An abandoned railway station

An abandoned railway station

An abandoned railway station in northern Italy.

The trains no longer stop, but the layout has been unchanged since 1938. In that year, a young girl waited with her older sister on this very platform. For some desperate families, it was a time when very young workers were being sent to Germany. Germany was eagerly seeking foreign labour in return for payment. It wasn't until a year later that the plan became clear.

I can imagine her fear at fourteen, and that of her sister, only three years older. Having never left their village, this station is dozens of miles from their lives, their world. It's practically a foreign land, even if the appearances are the same: the Veneto dialect, the only language they speak, is already slightly different here.

Yet the link with the land of their childhood is still palpable, if only through the characteristic Veneto bell towers. The atmosphere changes when they timidly enter the carriage: a first for them too, crowded with young people, all appearing older.

Already, accompanied by almost premonitory squeaks, the train begins its course along the long straight line they had been observing for dozens of minutes from the platform. The left turn begins, the leap into the unknown now certain, irremediable. Next, the Brenner Pass looms, Austria having been German for several months following the Anschluss. There's no need to describe the atmosphere in the crowded carriage, as everyone tries to reassure each other, and some even sing. They are convinced that the financial contribution to their families will restore a form of dignity, which is inevitably lost when the obsession is to appease one's hunger at every moment.

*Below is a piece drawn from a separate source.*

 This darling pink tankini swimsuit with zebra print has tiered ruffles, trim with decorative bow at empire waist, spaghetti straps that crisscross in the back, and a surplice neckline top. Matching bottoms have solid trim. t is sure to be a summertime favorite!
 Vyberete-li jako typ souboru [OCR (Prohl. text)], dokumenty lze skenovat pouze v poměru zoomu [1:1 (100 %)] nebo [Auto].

There's nothing to say about the early years, which are exhausting for anyone, and even more so for teenage girls who have to work in huge agricultural complexes.
The unspeakable becomes normality, from working in the fields to roving camps with the German army. Digging the earth, not for its crops but for trenches that will consume lives and absorb their blood. On the Eastern Front, in Silesia. From volunteer workers, they became prisoners (with their breasts bandaged so as not to attract attention) for the Reich's cause. Thirty-six months of infamy, plus three more with the Russians, who had to decide on the fate of their prisoners (plains of the Ukraine or return to the motherland).

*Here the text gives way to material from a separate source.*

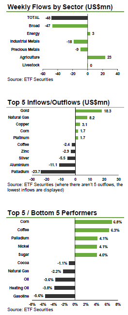 Price gains in industrial metals attracted flows into copper, while driving profittaking elsewhere. With the exception of tin, all industrial metal prices rose last week. ETFS Copper (COPA) received its first inflow in six weeks. Meanwhile profit taking saw US$11.1mn of outflows from ETFS Aluminium (ALUM), adding to the US$59.9mn of outflows the previous week, reversing all of the strong inflows we saw in July and August. ETFS Zinc (ZINC) saw US$2.9mn of outflows, the largest in eight weeks.
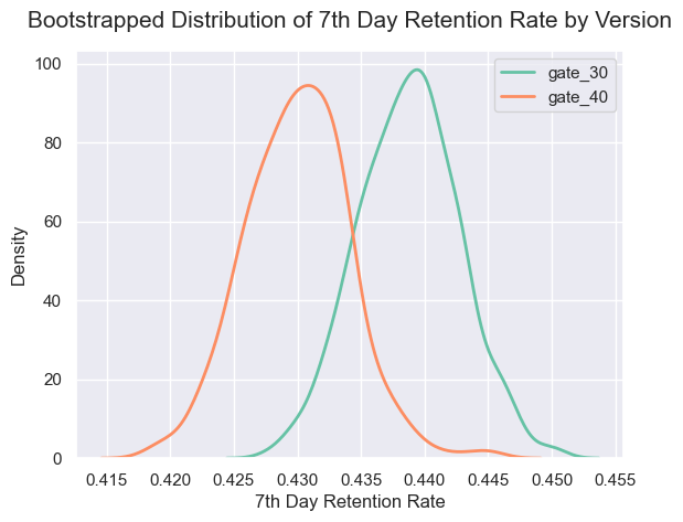 Bootstrapping 결과를 시각화해 보니 1일 차에서는 gate_40의 접속률이 gate_30의 접속률보다 더 높은 경향을 보였지만 7일 차 접속률에서는 gate_30이 gate_40보다 접속률이 높은 경향이 나타났습니다.

Of all the painful questions raised, the most difficult had nothing to do with the madness that had set Germany ablaze. How could parents, a society, a state, a religion, send children across the Alps in such conditions? With no local ties? Without knowing the language?

Why girls rather than their brothers?

Of course, the Italian state commemorated (after encouraging the departures) with a monument, adjacent to the abandoned station, the glorious return of the prisoners and deportees to this place. On closer inspection, the impression that it was designed to be maintenance-free is obvious—Italy never changes...

The village's name is Pescantina. The famous writer Primo Levi passed through here on his return from the horror camps, as did my mother.